--- Task objective ---
All lines from the opening of the entries below through the line containing "World Sports Betting" must be output exactly as they appear, with no other lines.

--- Data for review ---

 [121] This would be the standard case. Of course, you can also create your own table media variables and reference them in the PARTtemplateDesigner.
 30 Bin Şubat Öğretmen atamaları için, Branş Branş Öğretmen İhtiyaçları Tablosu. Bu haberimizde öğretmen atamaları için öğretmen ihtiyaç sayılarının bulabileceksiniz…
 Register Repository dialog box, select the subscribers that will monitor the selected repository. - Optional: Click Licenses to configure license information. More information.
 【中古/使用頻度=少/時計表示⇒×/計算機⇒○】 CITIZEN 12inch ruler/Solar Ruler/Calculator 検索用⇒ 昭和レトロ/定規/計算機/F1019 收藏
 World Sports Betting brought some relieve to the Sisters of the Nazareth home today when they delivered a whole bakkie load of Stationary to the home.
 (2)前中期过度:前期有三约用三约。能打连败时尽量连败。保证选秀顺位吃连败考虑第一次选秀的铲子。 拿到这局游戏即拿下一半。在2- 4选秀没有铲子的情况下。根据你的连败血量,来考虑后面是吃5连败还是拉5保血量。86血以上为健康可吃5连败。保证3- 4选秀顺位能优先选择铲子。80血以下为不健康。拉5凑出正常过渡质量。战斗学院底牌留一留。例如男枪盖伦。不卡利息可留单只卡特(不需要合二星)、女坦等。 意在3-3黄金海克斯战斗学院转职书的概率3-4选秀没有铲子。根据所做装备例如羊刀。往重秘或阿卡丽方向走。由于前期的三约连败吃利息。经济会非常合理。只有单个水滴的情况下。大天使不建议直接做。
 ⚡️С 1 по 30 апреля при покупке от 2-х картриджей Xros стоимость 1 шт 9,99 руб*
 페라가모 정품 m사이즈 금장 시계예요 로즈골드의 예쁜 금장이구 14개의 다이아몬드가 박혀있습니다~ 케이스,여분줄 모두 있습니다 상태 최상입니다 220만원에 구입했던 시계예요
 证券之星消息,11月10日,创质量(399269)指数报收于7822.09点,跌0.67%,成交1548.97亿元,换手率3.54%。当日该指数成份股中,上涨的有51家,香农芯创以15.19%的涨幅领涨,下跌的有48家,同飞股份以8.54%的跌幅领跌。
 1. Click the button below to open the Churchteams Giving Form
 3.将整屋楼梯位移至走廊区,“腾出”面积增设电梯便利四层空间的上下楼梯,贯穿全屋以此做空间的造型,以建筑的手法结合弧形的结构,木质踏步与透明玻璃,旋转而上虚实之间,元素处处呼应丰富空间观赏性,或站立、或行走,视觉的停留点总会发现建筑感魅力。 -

--- Exercise output ---
 [121] This would be the standard case. Of course, you can also create your own table media variables and reference them in the PARTtemplateDesigner.
 30 Bin Şubat Öğretmen atamaları için, Branş Branş Öğretmen İhtiyaçları Tablosu. Bu haberimizde öğretmen atamaları için öğretmen ihtiyaç sayılarının bulabileceksiniz…
 Register Repository dialog box, select the subscribers that will monitor the selected repository. - Optional: Click Licenses to configure license information. More information.
 【中古/使用頻度=少/時計表示⇒×/計算機⇒○】 CITIZEN 12inch ruler/Solar Ruler/Calculator 検索用⇒ 昭和レトロ/定規/計算機/F1019 收藏
 World Sports Betting brought some relieve to the Sisters of the Nazareth home today when they delivered a whole bakkie load of Stationary to the home.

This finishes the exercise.